**REQUIRED WORK:**
What is needed here is an exact repetition of the records below, beginning at the line that has "The feature maps" and stopping after the line that has "Foneng X87 60W".

**THE DATA:**

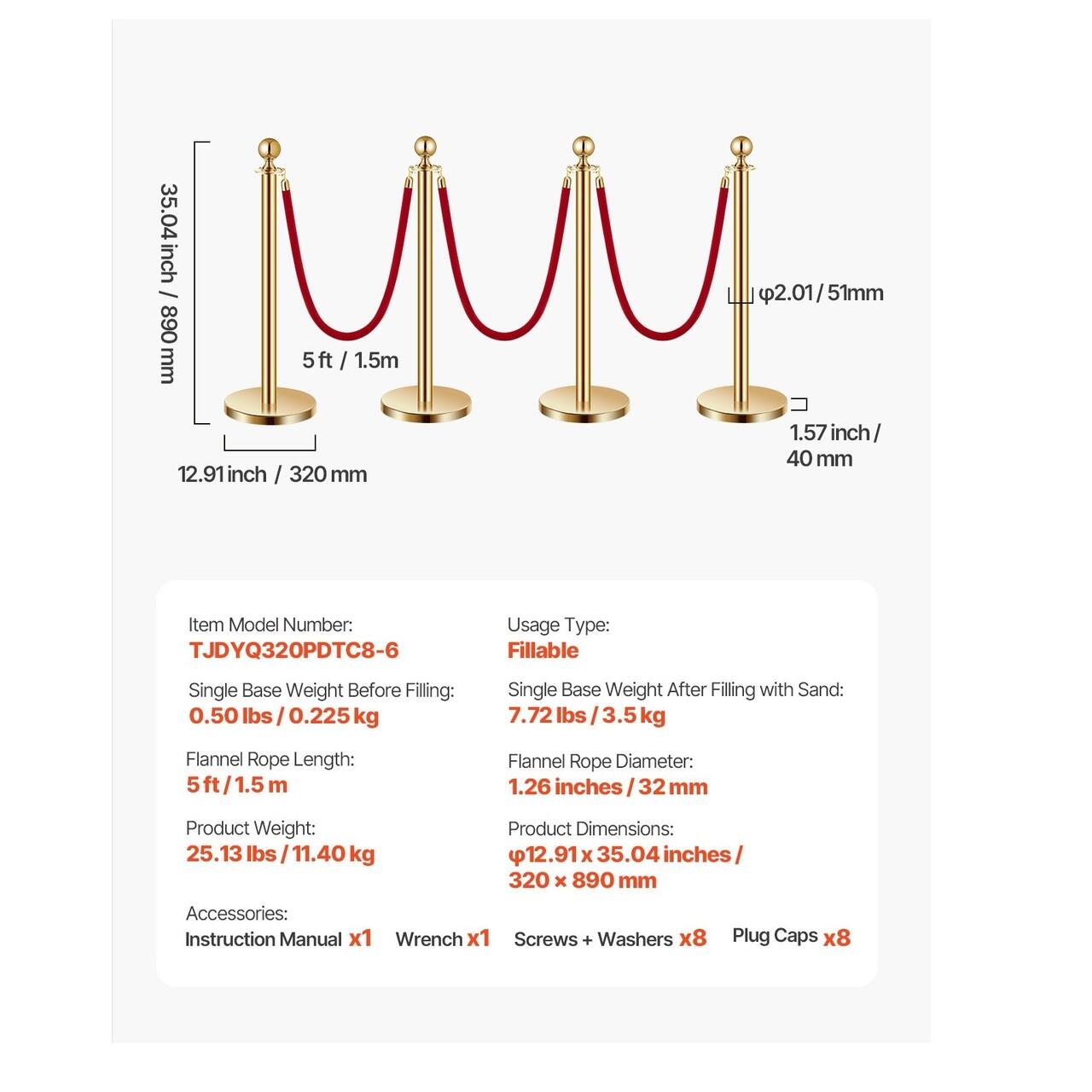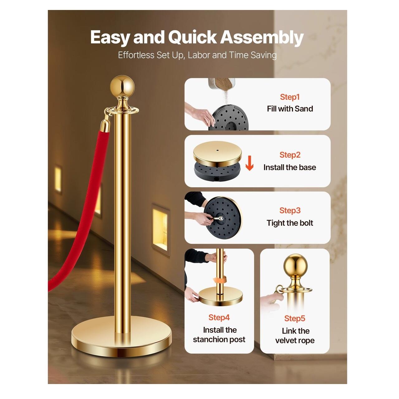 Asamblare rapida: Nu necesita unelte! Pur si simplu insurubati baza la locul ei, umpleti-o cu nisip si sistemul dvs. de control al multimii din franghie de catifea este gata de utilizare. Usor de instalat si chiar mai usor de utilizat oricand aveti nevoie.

* * *

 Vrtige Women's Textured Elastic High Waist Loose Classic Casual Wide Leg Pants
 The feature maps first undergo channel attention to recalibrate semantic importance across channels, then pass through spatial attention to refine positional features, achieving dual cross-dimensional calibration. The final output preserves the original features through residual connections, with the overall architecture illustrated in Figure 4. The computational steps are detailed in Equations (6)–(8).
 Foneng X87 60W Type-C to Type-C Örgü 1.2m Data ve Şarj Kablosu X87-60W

**OUTPUT BELOW:**
 The feature maps first undergo channel attention to recalibrate semantic importance across channels, then pass through spatial attention to refine positional features, achieving dual cross-dimensional calibration. The final output preserves the original features through residual connections, with the overall architecture illustrated in Figure 4. The computational steps are detailed in Equations (6)–(8).
 Foneng X87 60W Type-C to Type-C Örgü 1.2m Data ve Şarj Kablosu X87-60W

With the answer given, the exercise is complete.